Exercise - Pictures stay out of the copy. Repeat exactly the lines from the first entry below through the line that contains "第一点产量方面,上半年公司各", and nothing beyond.

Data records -
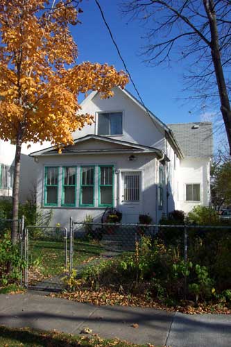 This large 2,300-square-foot house with twelve rooms, probably built as a rooming house, has unique arches on porch and flat top gables.
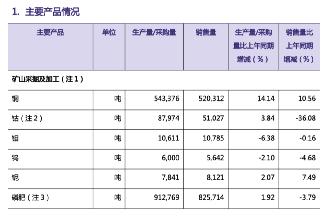 第一点产量方面,上半年公司各个产品(铜/钴/钼/钨/铌/磷肥)均超额完成2024年年度的指引计划。
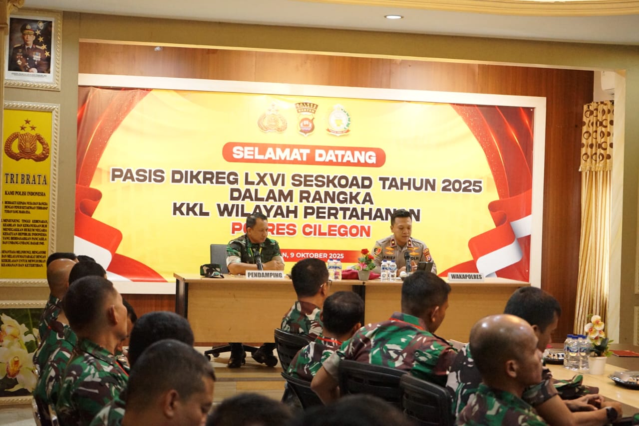 Cilegon – Polres Cilegon Polda Banten menerima kunjungan kegiatan Kuliah Kerja Lapangan (KKL) Perwira Siswa (Pasis) Pendidikan Reguler (Dikreg) LXVI Sekolah Staf dan Komando Angkatan Darat (Seskoad) Tahun 2025, Kegiatan yang berlangsung di Rupatama Polres Cilegon ini menjadi wadah penting untuk memperkuat sinergitas antara TNI dan Polri dalam mendukung program strategis nasional. Kamis (9/10/2025).
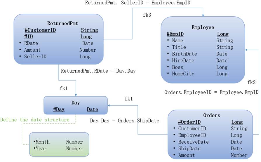 SELECT ReturnedPmt.sum(Amount) Pamount,Orders.sum(Amount) Oamount ON year,EMPLOYEE FROM Orders BY ShipDate#year,EmployeeID UNION ReturnedPmt BY RDate#year ,SellerID |
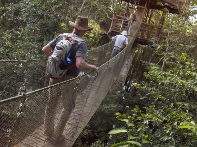 Enjoy guided excursions led by expert naturalists to spot wildlife at nearby oxbow lakes and along jungle trails. Spend some time relaxing in a hammock, enjoying the local swimming hole, or visiting a nearby plantation. Go on a caiman-spotting cruise after dinner.
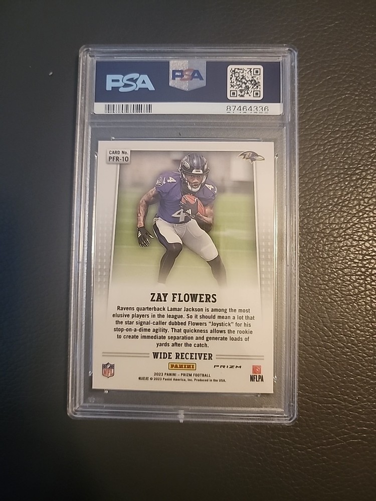 This is a Zay Flowers 2023 Panini Prizm Silver Flashback Rookie trading card graded as GEM MINT PSA 10. It features hologram technology in a color Silver, Prizm parallel variety, manufactured by Panini.
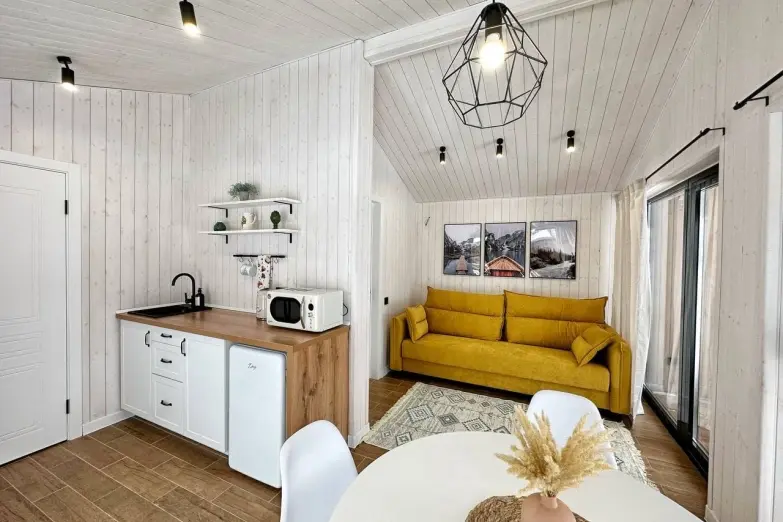 Интерьер коттеджа — это гармоничное сочетание современных технологий «умного дома» и домашнего уюта. Просторная гостиная, уютная спальня и функциональная кухня созданы для того, чтобы гости могли наслаждаться не только комфортом, но и близостью к природе. Телевизор со Smart TV, полный набор кухонных принадлежностей и продуманная эргономика сделают ваше пребывание в коттедже поистине беззаботным.
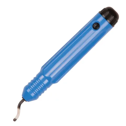 Unique rounded head blades for safe deburring of drilled and machined holes, end milled areas, tubing, backside of holes and an almost unlimited amount of uses
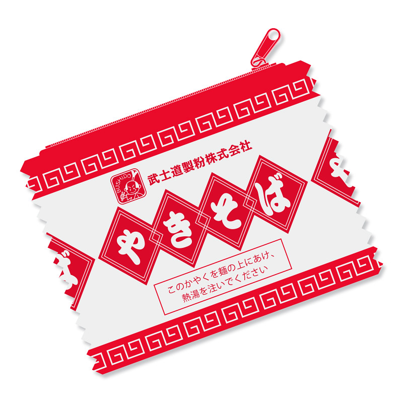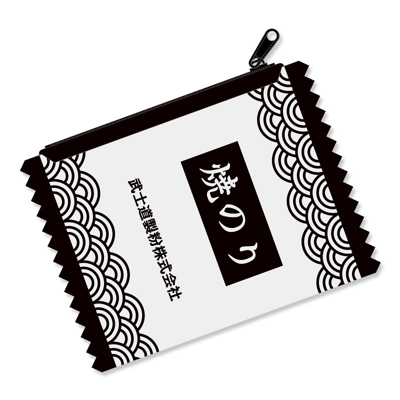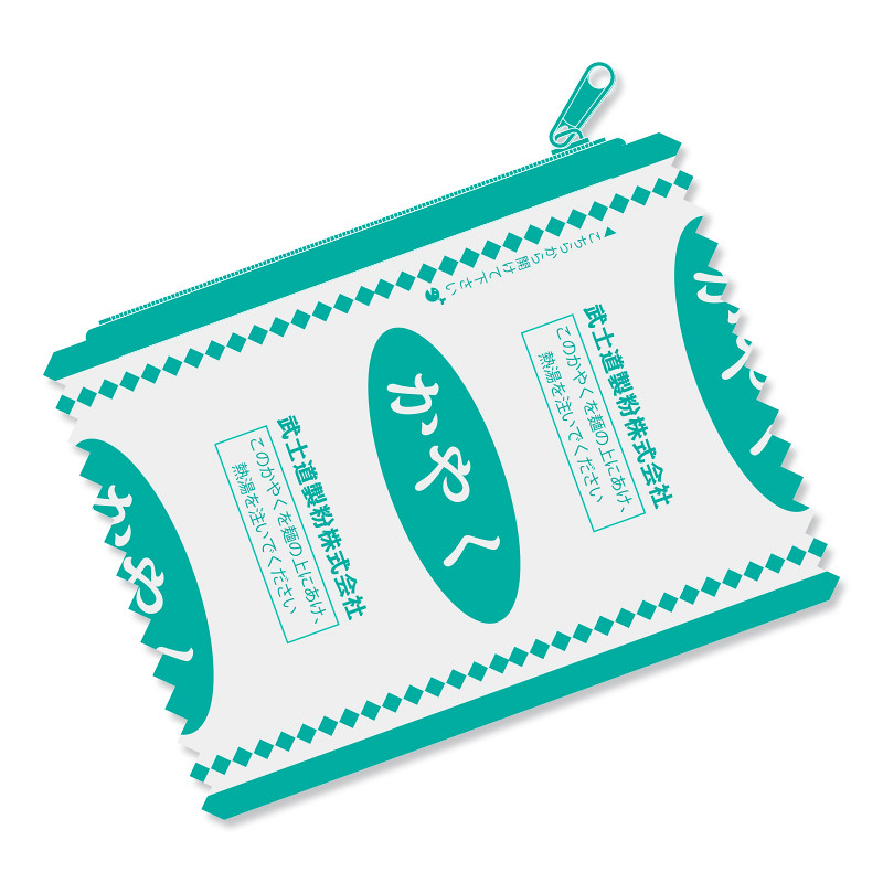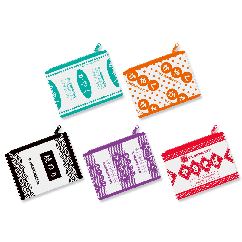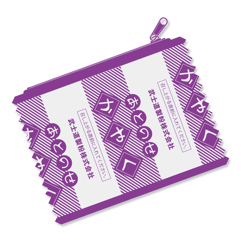 採用公司「武士道(Bushiroad)」的名字,虛擬了「武士道製粉株式会社」,並以其品牌泡麵中的調味料包做為設計,五款小巧可愛的調味包造型小包,尺寸約15公分,顏色和圖樣上都略有不同,卻都能一眼讓人辨識出是泡麵的調味料!透明的材質可以裝一些簡單的小東西或零錢。
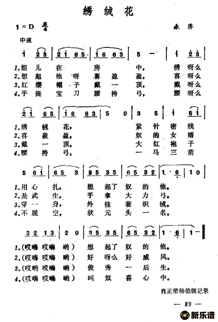演唱的绣绒花 (山西永济小调)歌词,绣绒花 (山西永济小调)简谱.
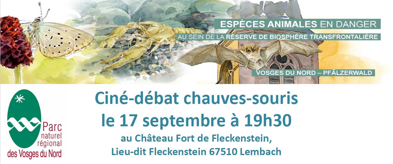 Le Parc Naturel Régional des Vosges du Nord organise un ciné-débat sur le thème des chauves-souris à destination du grand public, le 17 septembre à 19h30 au Château de Fleckenstein, Lieu-dit Fleckenstein 67510 Lembach
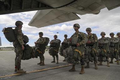 Keywords: arctic aurora 2016 arcticaurora2016 airborne 4th infantry brigade combat team (airborne) 4thinfantrybrigadecombatteamairborne 25th infantry division 25thinfantrydivision kc-130j super hercules kc130jsuperhercules japanese ground self defense force japanesegroundselfdefenseforce joint base elmendorf-richardson jointbaseelmendorfrichardson alaska usa us people outdoor Paratroopers assigned to the 3rd Battalion, 509th Parachute Infantry Regiment, wait to board a KC-130J Super Hercules while conducting airborne operations during Arctic Aurora 2016 at Joint Base Elmendorf-Richardson, Alaska, June 2, 2016. Arctic Aurora 2016 is a yearly bilateral training exercise, involving elements of the 4th Infantry Brigade Combat Team (Airborne), 25th Infantry Division and the Japanese Ground Self Defense Force, that promotes interoperability by conducting combined small unit airborne proficiency operations and basic small arms marksmanship. (U.S. Air Force photo/Alejandro Pena) Paratroopers assigned to the 3rd Battalion, 509th Parachute Infantry Regiment, wait to board a KC-130J Super Hercules while conducting airborne operations during Arctic Aurora 2016 at Joint Base Elmendorf-Richardson, Alaska, June 2, 2016. Arctic Aurora 2016 is a yearly bilateral training exercise, involving elements of the 4th Infantry Brigade Combat Team (Airborne), 25th Infantry Division and the Japanese Ground Self Defense Force, that promotes interoperability by conducting combined small unit airborne proficiency operations and basic small arms marksmanship. (U.S. Air Force photo/Alejandro Pena)
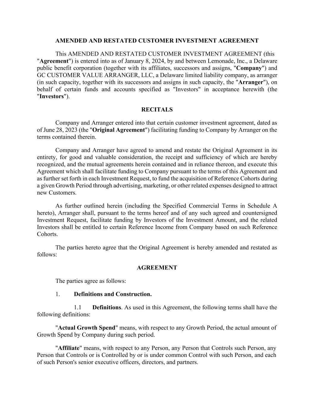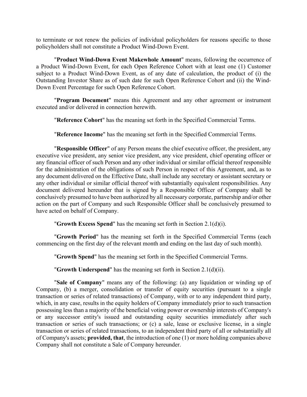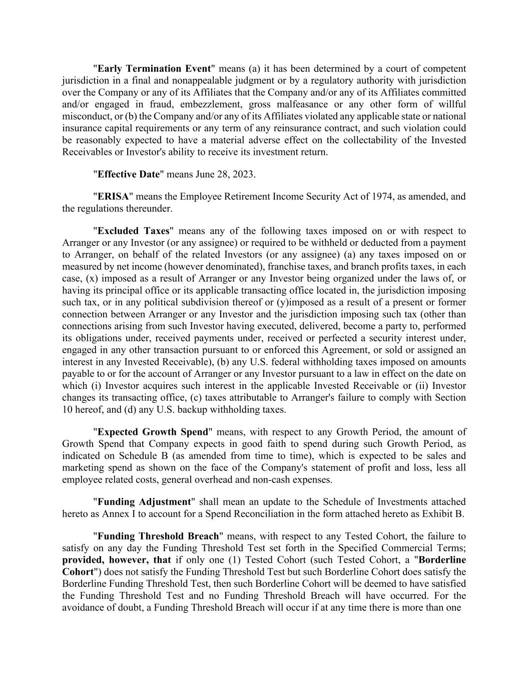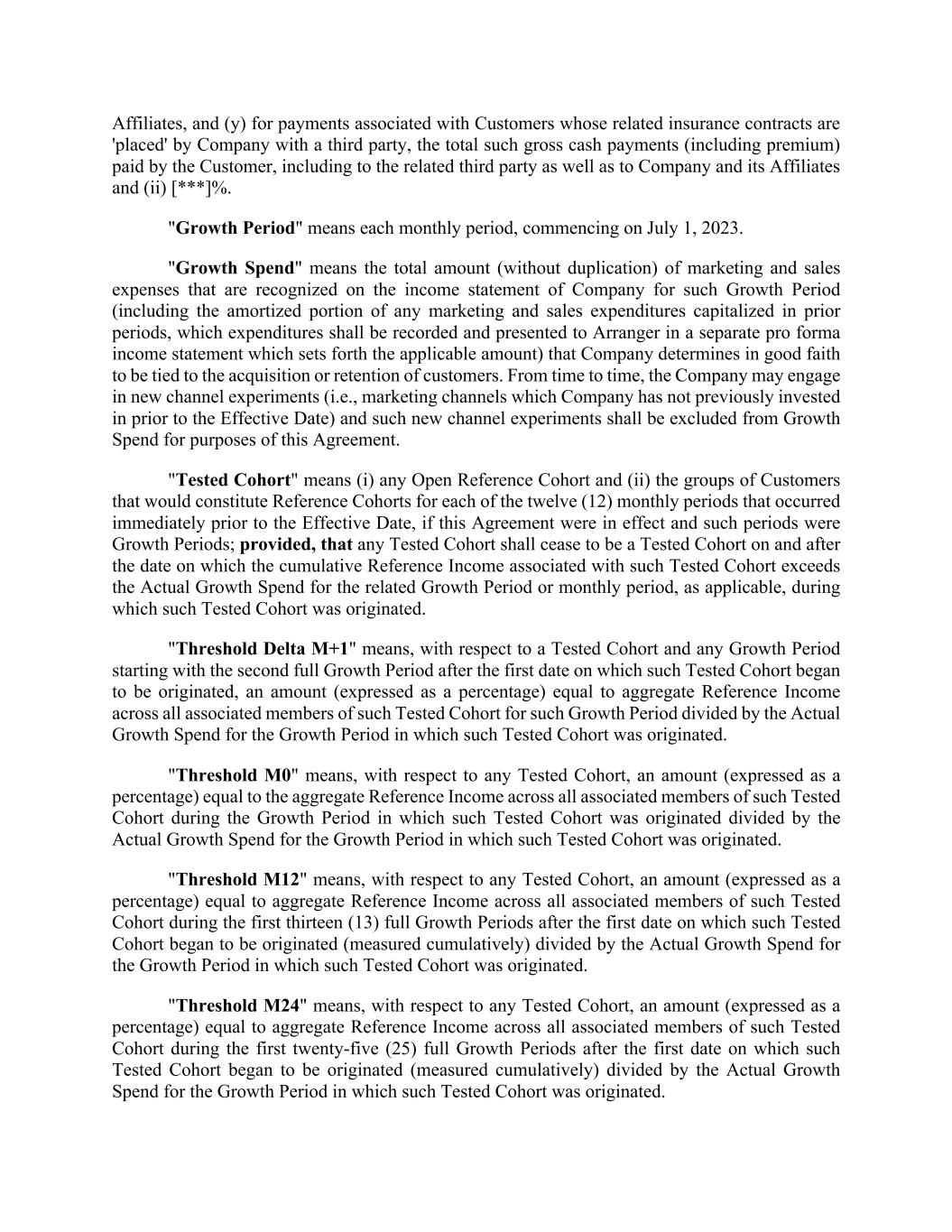 Affiliates, and (y) for payments associated with Customers whose related insurance contracts are 'placed' by Company with a third party, the total such gross cash payments (including premium) paid by the Customer, including to the related third party as well as to Company and its Affiliates and (ii) [***]%. "Growth Period" means each monthly period, commencing on July 1, 2023. "Growth Spend" means the total amount (without duplication) of marketing and sales expenses that are recognized on the income statement of Company for such Growth Period (including the amortized portion of any marketing and sales expenditures capitalized in prior periods, which expenditures shall be recorded and presented to Arranger in a separate pro forma income statement which sets forth the applicable amount) that Company determines in good faith to be tied to the acquisition or retention of customers. From time to time, the Company may engage in new channel experiments (i.e., marketing channels which Company has not previously invested in prior to the Effective Date) and such new channel experiments shall be excluded from Growth Spend for purposes of this Agreement. "Tested Cohort" means (i) any Open Reference Cohort and (ii) the groups of Customers that would constitute Reference Cohorts for each of the twelve (12) monthly periods that occurred immediately prior to the Effective Date, if this Agreement were in effect and such periods were Growth Periods; provided, that any Tested Cohort shall cease to be a Tested Cohort on and after the date on which the cumulative Reference Income associated with such Tested Cohort exceeds the Actual Growth Spend for the related Growth Period or monthly period, as applicable, during which such Tested Cohort was originated. "Threshold Delta M+1" means, with respect to a Tested Cohort and any Growth Period starting with the second full Growth Period after the first date on which such Tested Cohort began to be originated, an amount (expressed as a percentage) equal to aggregate Reference Income across all associated members of such Tested Cohort for such Growth Period divided by the Actual Growth Spend for the Growth Period in which such Tested Cohort was originated. "Threshold M0" means, with respect to any Tested Cohort, an amount (expressed as a percentage) equal to the aggregate Reference Income across all associated members of such Tested Cohort during the Growth Period in which such Tested Cohort was originated divided by the Actual Growth Spend for the Growth Period in which such Tested Cohort was originated. "Threshold M12" means, with respect to any Tested Cohort, an amount (expressed as a percentage) equal to aggregate Reference Income across all associated members of such Tested Cohort during the first thirteen (13) full Growth Periods after the first date on which such Tested Cohort began to be originated (measured cumulatively) divided by the Actual Growth Spend for the Growth Period in which such Tested Cohort was originated. "Threshold M24" means, with respect to any Tested Cohort, an amount (expressed as a percentage) equal to aggregate Reference Income across all associated members of such Tested Cohort during the first twenty-five (25) full Growth Periods after the first date on which such Tested Cohort began to be originated (measured cumulatively) divided by the Actual Growth Spend for the Growth Period in which such Tested Cohort was originated.

Exercise solution -
 This large 2,300-square-foot house with twelve rooms, probably built as a rooming house, has unique arches on porch and flat top gables.
 第一点产量方面,上半年公司各个产品(铜/钴/钼/钨/铌/磷肥)均超额完成2024年年度的指引计划。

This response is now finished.